Data block:

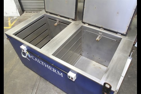 A Caltherm double chamber well drying oven with a total of 13.8kW of heating capacity, 3kW fan motor and two 840 litre drying chambers. Featuring independent, pneumatically operated lids (may achieve a higher working temperature 150°C TBC). Tested to 100°C
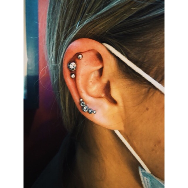 Decorated in disco! Various ear work on the lovely Lisa including a double conch, tragus, helix and third lobe piercings, pierced over the months and years @ Shiva. As always, it is the continued level of trust, confidence and appreciation that makes piercing people such a sacred privilege. Thanking all of you!
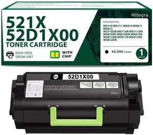 Extra High Yield 52D1X00 Toner Cartridge Black Replacement for Lexmark 52D1X00 Toner 521X Compatible with MS710 MS711 MS810 MS811 MS812 Series Printer Black Toner, 1-Pack for 45,500 Pages

Directions for this task:
From the line containing "Decorated in disco!" down to the final line of the material above, reproduce each line exactly and include no images.

Output of the exercise:
 Decorated in disco! Various ear work on the lovely Lisa including a double conch, tragus, helix and third lobe piercings, pierced over the months and years @ Shiva. As always, it is the continued level of trust, confidence and appreciation that makes piercing people such a sacred privilege. Thanking all of you!
 Extra High Yield 52D1X00 Toner Cartridge Black Replacement for Lexmark 52D1X00 Toner 521X Compatible with MS710 MS711 MS810 MS811 MS812 Series Printer Black Toner, 1-Pack for 45,500 Pages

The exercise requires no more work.